Dengan membuat istilah, maka mereka berkeyakinan apabila ditangkap penegak hukum, maka tidak dapat dikategorikan sebagai pelaku tindak pidana korupsi.

Padahal Sudah sering lembaga penegak hukum menegaskan, “gratifikasi” termasuk kedalam tindak pidana korupsi”.

Gratifikasi adalah biasa yang sering digunakan dalam percakapan sehari-hari. Dalam ilmu hukum pidana, gratifikasi biasa dikenal dengan istilah “penyuapan”. Dalam tindak pidana biasa dikenal dengan istilah “Kejahatan yang dilakukan dalam Jabatan”

Dengan pemahaman, maka gratifikasi dapat dipersamakan dengan “penyuapan” atau “Kejahatan yang dilakukan dalam Jabatan”. Untuk memudahkan pemahaman, maka istilah gratifikasi, suap ataupun kejahatan yang dilakukan dalam jabatan”, mempunya arti yang sama.

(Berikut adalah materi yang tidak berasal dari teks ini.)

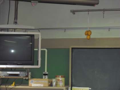 これだけ大量の柿の皮をむき、吊るし紐を通し、わざわざ歩いて学校まで届けていただいたサンタさんに感謝です。

Landasan hukum tindak gratifikasi diatur didalam Pasal 12 UU 31/1999 dan UU 20/2001 dimana ancamannya adalah dipidana penjara seumur hidup atau pidana penjara paling singkat 4 tahun dan paling lama 20 tahun dan denda paling sedikit 200 juta rupiah dan paling banyak 1 miliar rupiah.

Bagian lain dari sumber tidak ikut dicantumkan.